In the drawing room I found Mrs. Rhodes, quite alone, playing solitaire at a tiny Queen Anne desk. She greeted me with her usual neutrality.
“I suppose,” I said, “you’ll be glad to see the last of us.”
“The last of you under these circumstances,” she replied courteously, motioning me to sit beside her.
“What do you plan to do when all this is over, when the estate is settled and everything is taken care of?”
“Do?” she looked at me blankly for a moment, as though she had not, until now, conceived there would be a future.
“I mean do you intend to go back to Talisman City, or live here?”
She gave me a long look, as though I had asked her a nearly impossible question. Finally she said, “I shall stay here of course. All my friends are here,” she added mechanically.
“Like Mrs. Goldmountain?”
She smiled suddenly, for the first time since I met her, like sun on the snow. “No, not like Mrs. Goldmountain. Others … my old friends from the early days. We had no very close friends back home, the old ones died off and we made no new ones, except politically. I haven’t lived there since we came to Washington.”
“I saw Mrs. Goldmountain today.”
“Yes?” She was clearly not interested.
“I understand she’s a great friend of Governor Ledbetter’s.”
“I believe so.”
“She is certainly taking his side in this business.”
“As she should. I’m sure that Johnson did nothing dishonest, nor did Lee.” But this came out automatically; she seemed to be making a series of prepared responses, her mind on something else.
“I didn’t know the Governor was here the night Rufus died.”
“Oh yes, we had a nice chat. He is a good friend, you know, as well as our lawyer.”
“He told Mrs. Goldmountain that he and Rufus quarreled that night, about the business of those companies.”
Mrs. Rhodes frowned, “Ida Goldmountain should show better sense,” she said sharply. “Yes, they had a disagreement. Over what I don’t know; it took place upstairs, in Rufus’s room.”

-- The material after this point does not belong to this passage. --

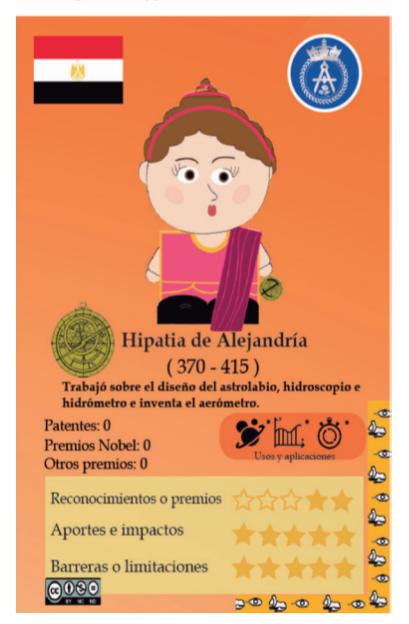
Figure 2. Hypatia of Alexandria's card

of outstanding figures considered geniuses in the world of science through didactic material. This material was designed with relevant information on the contributions of the characters and their recognitions through simple images that allow a guick association with their contributions. The contribution of this work is evident in two aspects: characterization of animated scientific characters highlighting them through allegorical details of their work, context and period in which they lived, as well as developments and postulates of their work. All this was done preserving criteria of pleasant, simple and colorful figures that allow children to identify with them. The other contribution focuses on the design of standardized biographical cards enriched with information about the characteristics of the character and designed with high graphic content that allows the assimilation of information in an easy and pleasant way. Academic discussions and debates focus on new technologies, but we should not leave out spaces for academic and social sharing, the proposal of collectible cards provides information in a very short reading time, so that children know, internalize and participate in scientific knowledge through play. Symbols, icons and graphic representations of the scientific world are the components with which scientific curiosity is to be motivated and generated.

“Did the police know this?”
“That J
ohnson was here? Oh yes, both Verbena and I told them when we were questioned as to who was in the house.”
“Did they know that the Governor went upstairs to talk to Rufus, alone? That they quarreled?”
She looked at me coldly, with sudden dislike. “Why, I don’t know,” she said. “The police didn’t ask me and I don’t remember having volunteered any information. I am so used to having things misunderstood,” she said and her voice was hard.
“I’m sure they must know,” I said thoughtfully, trying to figure out Winters: why had he kept this piece of information secret? Not only from me but from the official report given to the newspapers.
“Besides,” she said, “the case ended when Rufus killed himself. There was no need to involve one’s friends any more than was necessary. I appreciated Johnson’s kindness in coming to see me his first night in Washington, before he was to take his seat. If I were you,” and she looked at me with her clear onyx eyes, unmarked by age or disaster, “I would say nothing about Johnson’s exchange with Rufus.”
“I’ll have no occasion to, yet,” I said, quite as cool as the old lady. “In any case, I’m not the person to silence. Mrs. Goldmountain is. She’s the informer.”
“That fool!” Mrs. Rhodes exploded.
“Fool or not, she’s given us a new angle on the case.”
“Case? what case?”
“On who killed your husband, Mrs. Rhodes, and who killed Rufus Hollister.”
She sat back in her chair, “You’re mad,” she said in a low voice. “It’s all over. The police are satisfied. Leave it alone,” her voice was harshly urgent.
“But the police aren’t satisfied,” I said, and this was a big and dangerous guess. “They know as well as you and I that Rufus was killed; they are waiting for the real murderer to make some move. So am I.”